Other fundamental rules are also addressed, including:

  • The requirements for a contrary intention in a will to be given effect;
  • The admissibility of external evidence to interpret a will;
  • What happens if two people who inherit from each other die simultaneously.

Finally, the implications of Nisga’a and First Nations’ Final Agreements on succession law and, in particular, their right to control the disposition of treaty lands and cultural property are also addressed.

Who pays legal fees on a contested will in a Vancouver estate dispute?

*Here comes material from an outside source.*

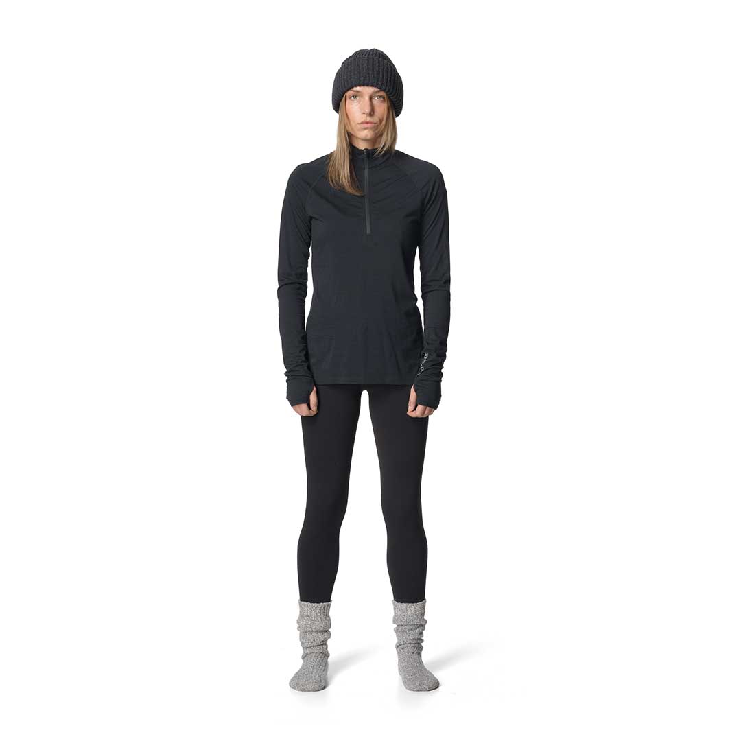 軽量で柔軟なハーフジップのベースレイヤーです。生地のSolid Merino™は17.5μmのオーストラリア産スーパーファインメリノウールを100%使用し、羽毛のような柔らかな肌触りで、伸縮性と透湿性に優れます。混紡されていない純粋なウールは自然な性質を高め、濡れても保温性を損なうことがなく、ウールの特性である体温調節機能と天然の抗菌防臭効果を備えています。また再生可能で生分解性をもつメリノウール100%であり、合成ブレンドや処理をしないことで完全に循環する生地となり、着古したらリサイクルや堆肥にすることが可能です。長めのジップネックは換気性に優れ、冷気の侵入を防ぐ高めの襟とわずかに長い背面、手首にはサムホールを配して袖のずり上がりを防止します。夏のランニングやハイキング、冬のスキーツアーやアイスクライミングなど、あらゆるアクティビティから日常生活まで一年を通して着用が可能です。スリムフィットのデザインを採用しています。

Vancouver estate litigation lawyers want you to understand that the expense involved in an estate dispute is often paid from the estate and can significantly erode the amount remaining for the beneficiaries. However, in cases where the party loses the variation action, the estate doesn’t pay, the losing party will have to pay the legal costs of the winning party. It’s important to note that depending on the circumstances, the court will have discretion to depart from that rule and grant costs out of the estate.

If you and your loved ones require estate litigation guidance, contact the experienced Vancouver estate litigation lawyers at MacLean Law.

What does the new WESA legislation change for Vancouver estate litigation in BC?

Our top rated* Vancouver BC Estate Litigation lawyers want you to know that the Wills, Estates and Succession Act, S.B.C. 2009, c. 13 (“WESA”), sections 36-40 set out the new rules for Wills in BC:

  • The will must be in writing and be signed at its end by the will-maker;
  • The will-maker’s signature must be made or acknowledged by the will-maker in the presence of two or more witnesses who are both present at the time of signing by the will-maker and the witness must be age 19 or older;
  • The age of the will-maker is now 16 down from 19;
  • Section 52 of WESA creates a new presumption of undue influence where certain types of relationships exist. Under this provision, a party challenging a will based on undue influence will need only show that the will-maker was in a position of dependence or submission to another person;
  • Relaxed rules for curing defective wills.